Jordan's King Abdullah has finished a Washington visit with a warning against U.S. military action against Iraq. He says such a conflict, on top of the already-serious Israeli-Palestinian situation, would be "devastating" for the region.
The Jordanian monarch says the Iraqi leadership needs to be told that international public opinion is strongly against them because of their defiance of the U.N. weapons inspections regime.
But at a luncheon sponsored by Washington's Brookings Institution that ended a week-long U.S. visit, King Abdullah, whose country shares a long border and has extensive trade with Iraq, appealed for a further chance for dialogue with Saddam Hussein.
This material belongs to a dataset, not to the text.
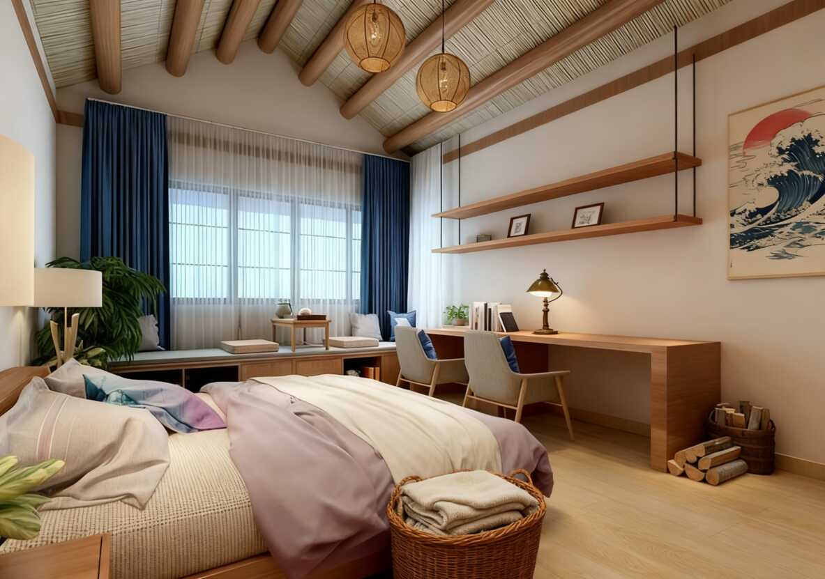 日式混搭風(fēng)民宿軟裝設(shè)計絕了!深藍簾 + 浮世繪 + 藤編燈,住進來就像闖進文藝電影場景
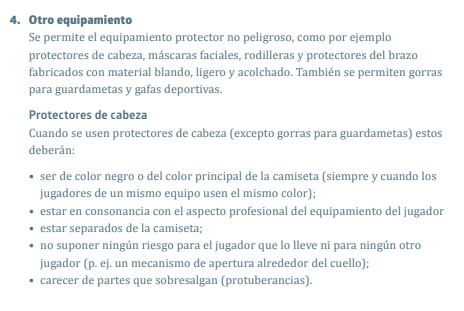 Empezamos por la Regla 4, cuando al lector ocasional de la Reglas de la FIFA le sorprende eso de los "protectores de cabeza". Jamás podría pensar la historia que se esconde detrás de esta aparentemente inofensiva prensa.

He said a U.S. military move against Iraq, given the already-inflamed state of Arab public opinion over the Israeli-Palestinian crisis, would have devastating effects for the region.
King Abdullah said, "With the Israeli-Palestinian crisis going on, with the anger and frustration throughout the Middle East really at levels people cannot take any more, another armed conflict in the region would be too much for people to bear. And I think that let's give dialogue a chance."
King Abdullah recalled how his father, the late King Hussein, saw himself isolated and estranged from his ally in Washington for persistently advocating dialogue with Saddam Hussein after Iraq's 1990 invasion of Kuwait.
In hindsight, King Abdullah said he cannot say today that his father was right in opposing the U.S.-led military action that eventually expelled the Iraqis, but nor, he said, can it be said for sure that he was wrong.
President Bush, in January, listed Iraq along with Iran and North Korea, as part of an "axis of evil" of countries sponsoring terrorism and seeking weapons of mass destruction.
The Bush administration has made "regime change" in Baghdad a stated goal of U.S. policy, though under questioning at the luncheon, King Abdullah suggested there are differences, even among top administration officials, over how to achieve that.